══ INPUT DATA
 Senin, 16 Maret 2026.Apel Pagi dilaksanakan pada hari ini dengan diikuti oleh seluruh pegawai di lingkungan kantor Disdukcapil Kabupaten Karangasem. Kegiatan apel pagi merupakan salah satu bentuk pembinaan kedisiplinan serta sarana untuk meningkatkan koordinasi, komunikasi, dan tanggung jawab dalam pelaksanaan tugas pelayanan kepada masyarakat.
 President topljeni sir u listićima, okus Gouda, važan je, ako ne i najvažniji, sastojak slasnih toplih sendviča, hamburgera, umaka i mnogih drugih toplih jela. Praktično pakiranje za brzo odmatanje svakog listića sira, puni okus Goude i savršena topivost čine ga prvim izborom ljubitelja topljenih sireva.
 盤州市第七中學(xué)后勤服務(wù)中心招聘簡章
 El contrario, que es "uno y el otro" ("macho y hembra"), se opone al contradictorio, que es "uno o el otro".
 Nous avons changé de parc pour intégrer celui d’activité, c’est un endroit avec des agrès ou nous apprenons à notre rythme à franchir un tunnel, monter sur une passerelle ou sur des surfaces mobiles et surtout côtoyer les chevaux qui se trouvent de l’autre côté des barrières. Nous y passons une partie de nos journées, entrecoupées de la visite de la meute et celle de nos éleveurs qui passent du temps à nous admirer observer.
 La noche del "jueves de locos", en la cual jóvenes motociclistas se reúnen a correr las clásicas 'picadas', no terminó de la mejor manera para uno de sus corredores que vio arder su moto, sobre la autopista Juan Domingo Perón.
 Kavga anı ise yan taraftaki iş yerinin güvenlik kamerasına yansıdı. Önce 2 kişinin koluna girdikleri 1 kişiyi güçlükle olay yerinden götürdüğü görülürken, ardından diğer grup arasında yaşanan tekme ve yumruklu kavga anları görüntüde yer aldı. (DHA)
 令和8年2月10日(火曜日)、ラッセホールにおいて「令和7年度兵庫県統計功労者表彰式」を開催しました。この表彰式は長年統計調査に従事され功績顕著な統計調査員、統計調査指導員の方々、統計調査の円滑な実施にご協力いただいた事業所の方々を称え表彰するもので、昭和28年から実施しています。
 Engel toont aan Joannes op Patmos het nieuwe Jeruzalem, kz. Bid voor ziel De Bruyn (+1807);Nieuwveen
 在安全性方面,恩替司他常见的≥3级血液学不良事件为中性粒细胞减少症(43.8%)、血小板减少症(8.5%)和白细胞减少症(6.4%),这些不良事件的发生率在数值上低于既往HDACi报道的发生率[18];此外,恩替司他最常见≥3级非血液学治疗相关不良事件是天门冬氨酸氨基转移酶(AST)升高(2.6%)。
════
# [DIRECTIONS FOR THIS TASK]
Please give back only the lines starting with the one that contains "Engel toont aan" and ending with the last line of the listing, retyped exactly.

# [RESPONSE TO THE TASK]
 Engel toont aan Joannes op Patmos het nieuwe Jeruzalem, kz. Bid voor ziel De Bruyn (+1807);Nieuwveen
 在安全性方面,恩替司他常见的≥3级血液学不良事件为中性粒细胞减少症(43.8%)、血小板减少症(8.5%)和白细胞减少症(6.4%),这些不良事件的发生率在数值上低于既往HDACi报道的发生率[18];此外,恩替司他最常见≥3级非血液学治疗相关不良事件是天门冬氨酸氨基转移酶(AST)升高(2.6%)。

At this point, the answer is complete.